2022年、デジタル動画とソーシャルメディアはどうなる?
4.デジタル動画-優先度第2位
4つ目のデジタル動画に関して、日本のメディア専門家は「CTVとデジタル動画が2022年に最もイノベーションの機会を秘めている」と回答した。Industry Pulse Reportでは、デジタル動画の広告費は24%増える予測で、2022年に4,800億円を突破する予測だ。

5.ソーシャルメディア-優先度第3位
5つ目のソーシャルメディアに関する調査では、46%の専門家が「ソーシャルメディアにおける品質指標の透明性不足がソーシャルメディアへの広告投資にマイナスの影響を与える」と回答。また、「透明性の欠如により消費者の信頼低下を招いている」との回答が39%と、優先度の高いチャネルではあるものの懸念点も目立つ結果となった。
日米で異なるメディア品質に対する意識
記者発表会では5つの重要なポイントとは別に、メディア品質に関する調査結果も紹介された。その中では、日本とアメリカでメディア品質の向上に対する意識の違いが明らかになった。
まず日本は、71%のマーケティング担当者は「モバイル在庫の品質を確保するために第三者による広告検証を望んでいる」と回答。また、79%が「動画ストリーミング在庫の品質を確保するために第三者による検証が重要になる」と答えた。
ただその一方で、アドフラウドの削減とブランドリスク削減それぞれに責任を負うべきはパブリッシャーとの回答が一番高く、広告主からすると少し他人事とも言える回答結果となった。

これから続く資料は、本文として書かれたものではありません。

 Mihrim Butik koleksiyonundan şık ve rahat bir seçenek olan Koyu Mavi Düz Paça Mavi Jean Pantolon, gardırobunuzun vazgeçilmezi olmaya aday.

では、アメリカではどうなのだろうか。同国では、81%のマーケティング担当者が「モバイル在庫の品質を確保するために第三者による広告検証」を希望。「動画ストリーミング在庫の品質を確保するために第三者による検証が重要になる」と回答したのは81%と、日本と近しい結果になった。

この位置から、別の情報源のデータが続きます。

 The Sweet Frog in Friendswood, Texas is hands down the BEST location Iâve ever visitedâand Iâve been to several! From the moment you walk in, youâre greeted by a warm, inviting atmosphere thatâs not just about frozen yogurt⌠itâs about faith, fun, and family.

その一方で、「アドフラウドの削減に最も責任を負うべき」で一番回答が集まったのは検証技術プロバイダー、「ブランドリスクの削減に最も責任を負うべき」なのは広告主/ブランドと、日本と責任を負うべき対象が異なった。この結果から、日本とアメリカでのアドベリフィケーションに対する意識・取り組みの推進具合の違いが見て取れそうだ。

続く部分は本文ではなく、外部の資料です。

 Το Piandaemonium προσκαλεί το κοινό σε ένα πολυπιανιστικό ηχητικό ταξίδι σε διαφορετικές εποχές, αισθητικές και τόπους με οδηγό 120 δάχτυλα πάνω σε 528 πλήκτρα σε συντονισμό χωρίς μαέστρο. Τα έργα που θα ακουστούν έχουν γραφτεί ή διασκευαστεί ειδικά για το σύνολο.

ここまでIndustry Pulse Reportの結果を見てきた。IASは今回のレポートの提供を通じて、業界に対しメディア品質とメディアコストの両立ができることを伝えたいという。これまではコスト重視でビューアビリティやブランドセーフティが担保されていない枠に広告を出稿してしまっていたところが、広告主の意識も変化し少しずつメディアの品質に目が向き始めている。2022年は、メディアの品質を高める動きが様々なところで加速しそうだ。